Again, thanks so much for your help!
~ Loyal


----------



## Jonathan_King (Apr 3, 2010)

Chkdsk results seem to indicate the hard drive is not the problem. The Blend test lasting so long means that the RAM is not physically bad.

You did nothing wrong during the Prime95 test; it will just run for as long as you want it to. After a few hours or so, you can stop the test.


----------



## Loyal (Jan 17, 2011)

*Driver Verifier*:

http://www.techsupportforum.com/forums/f217/blue-screen-of-death-bsod-posting-instructions-452654.html
　
http://www.techsupportforum.com/forums/f217/driver-verifier-windows-7-and-vista-bsod-related-473665.html

When I follow the above website instructions, regarding "Driver Verifier", the first step is to "Create a restore point".

I was wondering which option I should select?
-- Recommended restore point.
-- Choose a different restore point.

Is there anything else I should note before proceeding, because I don't know what I'm doing, so I want to ensure each step I make is correct. 

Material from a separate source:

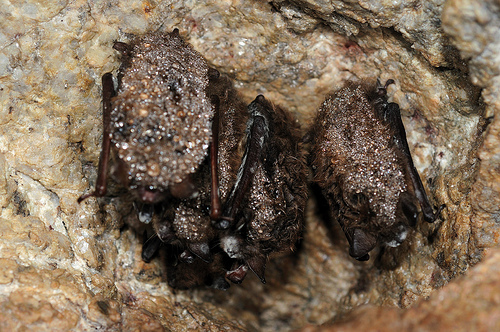 Cluster of Little Brown Bats with WNS. Photo Credit: Jonathan Mays, Wildlife Biologist, Maine Department of Inland Fisheries and Wildlife.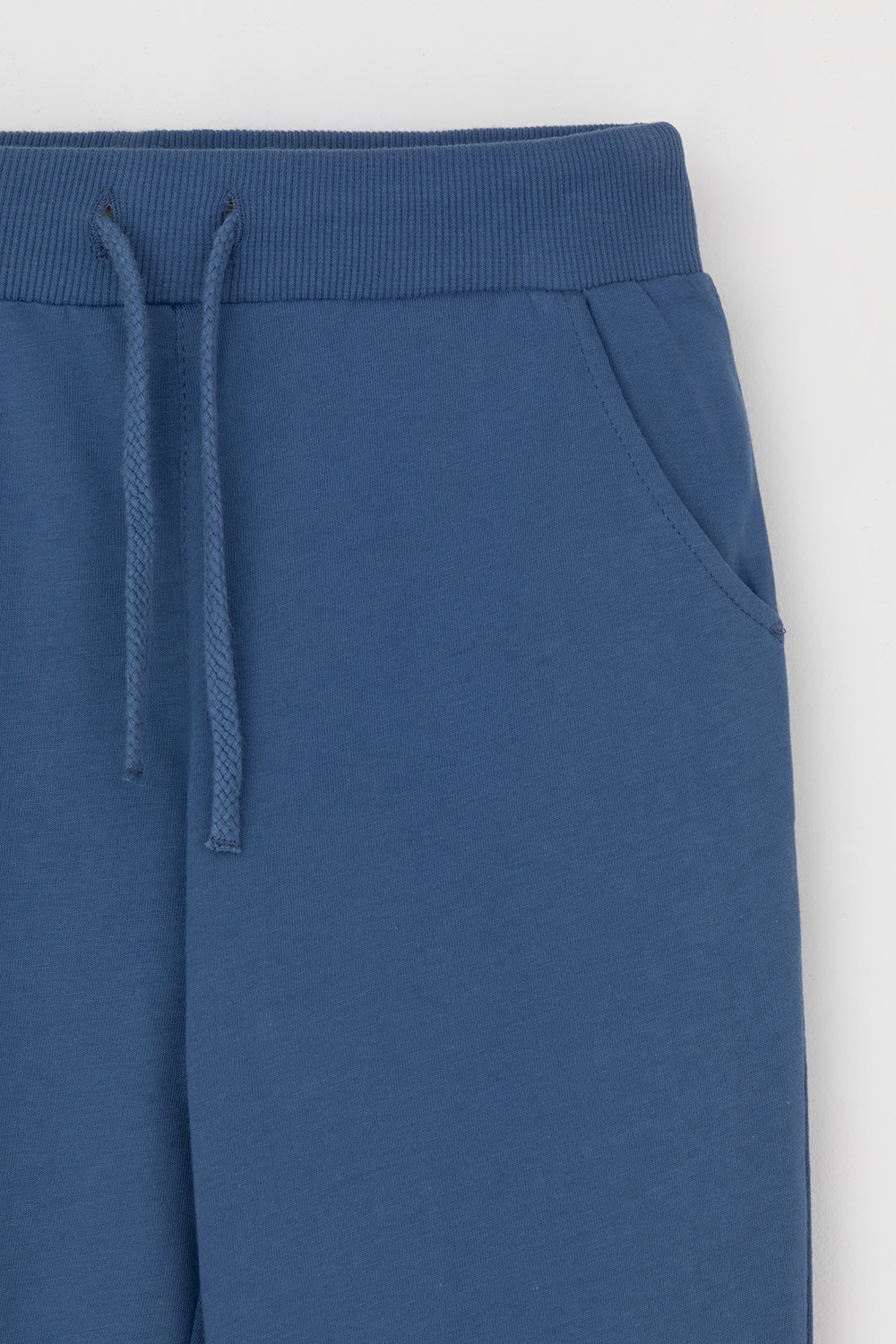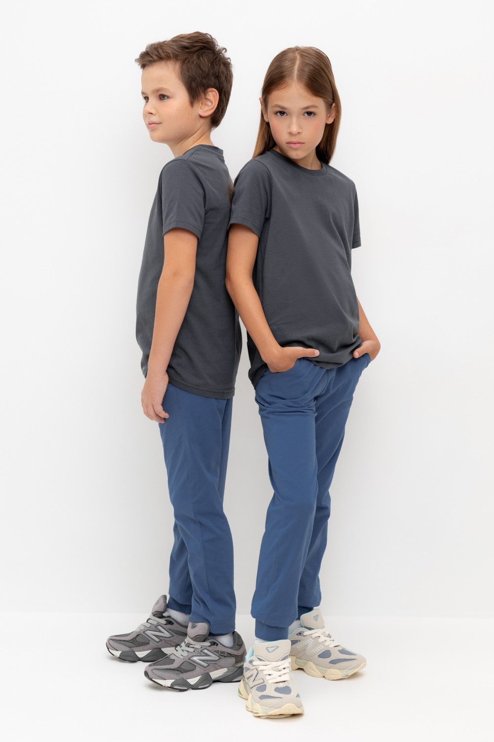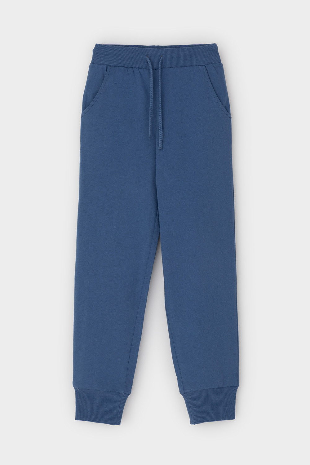 Трикотажные брюки для мальчика из высококачественного трикотажного полотна супрем. Эластичный пояс на резинке регулируется по ширине с помощью шнурка, по бокам два удобных кармана, внизу эластичные манжеты.

The Broadcom Network Adapter Driver was updated the evening of January 20 after 9:40 pm (because that is when Jonathan_King noted that I was checking the wrong driver). I updated it thereafter.

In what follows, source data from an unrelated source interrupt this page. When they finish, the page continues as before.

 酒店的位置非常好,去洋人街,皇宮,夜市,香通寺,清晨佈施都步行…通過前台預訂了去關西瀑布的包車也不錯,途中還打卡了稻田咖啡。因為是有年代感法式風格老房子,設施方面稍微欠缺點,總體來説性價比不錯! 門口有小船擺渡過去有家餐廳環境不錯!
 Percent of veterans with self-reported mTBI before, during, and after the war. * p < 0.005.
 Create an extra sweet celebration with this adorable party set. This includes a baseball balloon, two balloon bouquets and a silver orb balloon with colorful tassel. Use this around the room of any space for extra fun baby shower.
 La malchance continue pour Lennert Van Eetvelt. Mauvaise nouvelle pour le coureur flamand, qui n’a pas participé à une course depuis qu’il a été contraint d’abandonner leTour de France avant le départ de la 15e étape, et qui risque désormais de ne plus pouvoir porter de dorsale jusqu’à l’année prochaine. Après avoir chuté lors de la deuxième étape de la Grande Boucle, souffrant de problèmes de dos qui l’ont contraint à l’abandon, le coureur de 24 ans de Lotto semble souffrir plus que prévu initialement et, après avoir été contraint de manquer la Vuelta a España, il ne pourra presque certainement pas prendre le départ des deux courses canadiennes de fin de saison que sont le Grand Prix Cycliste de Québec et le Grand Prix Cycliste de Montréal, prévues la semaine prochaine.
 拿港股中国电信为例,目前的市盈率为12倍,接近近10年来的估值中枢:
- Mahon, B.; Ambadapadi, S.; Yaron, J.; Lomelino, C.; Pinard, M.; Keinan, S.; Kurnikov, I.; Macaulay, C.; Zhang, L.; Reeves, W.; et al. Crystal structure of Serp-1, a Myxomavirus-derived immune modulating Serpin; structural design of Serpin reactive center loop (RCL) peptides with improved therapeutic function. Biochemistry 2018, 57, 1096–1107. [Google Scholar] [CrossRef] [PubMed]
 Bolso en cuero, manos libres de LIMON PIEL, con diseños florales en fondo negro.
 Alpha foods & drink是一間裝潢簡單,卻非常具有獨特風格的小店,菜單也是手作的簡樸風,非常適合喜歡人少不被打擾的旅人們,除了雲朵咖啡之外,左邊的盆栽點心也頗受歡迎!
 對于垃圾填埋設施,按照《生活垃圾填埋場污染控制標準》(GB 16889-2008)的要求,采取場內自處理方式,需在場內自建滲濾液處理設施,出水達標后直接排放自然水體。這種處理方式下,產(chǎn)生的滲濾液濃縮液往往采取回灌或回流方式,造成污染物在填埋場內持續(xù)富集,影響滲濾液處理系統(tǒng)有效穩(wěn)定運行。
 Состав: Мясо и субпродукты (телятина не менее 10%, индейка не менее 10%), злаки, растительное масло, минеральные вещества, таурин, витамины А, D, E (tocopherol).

The "Recommended restore point" refers to January 20 at 8:10:07 PM, so, if the Broadcom driver is part of the "Driver Verifier" process, if I select this option, the updated driver will not be part of the restore.

Please advise.

Thank you!
~ Loyal


----------



## Jonathan_King (Apr 3, 2010)

You'll notice, in the first window (the left one), at the bottom, is a button that says "Create". That is the one to select.


----------



## joeten (Dec 4, 2008)

Hi possibly reinstalling the touch pad driver may help that issue,also that piece of wire you metioned may be causing a short but that may be best addressed via warranty


----------



## Loyal (Jan 17, 2011)

*Bigger mess now ..... sort-of*

Well, I haven't been online because my son accidently downloaded a malicious software. I'm only just getting things set-up again, as everything had to go back to the factory settings.

Sooooo ...... now, I'm not sure where I should start.

AT PRESENT, I have now set-up three different user accounts -- one for the Administrator, one for my son, and one for myself.

WHEN I install programs for ALL users (such as McAfee, etc.) ... do I sign into the Administrator's account to do this?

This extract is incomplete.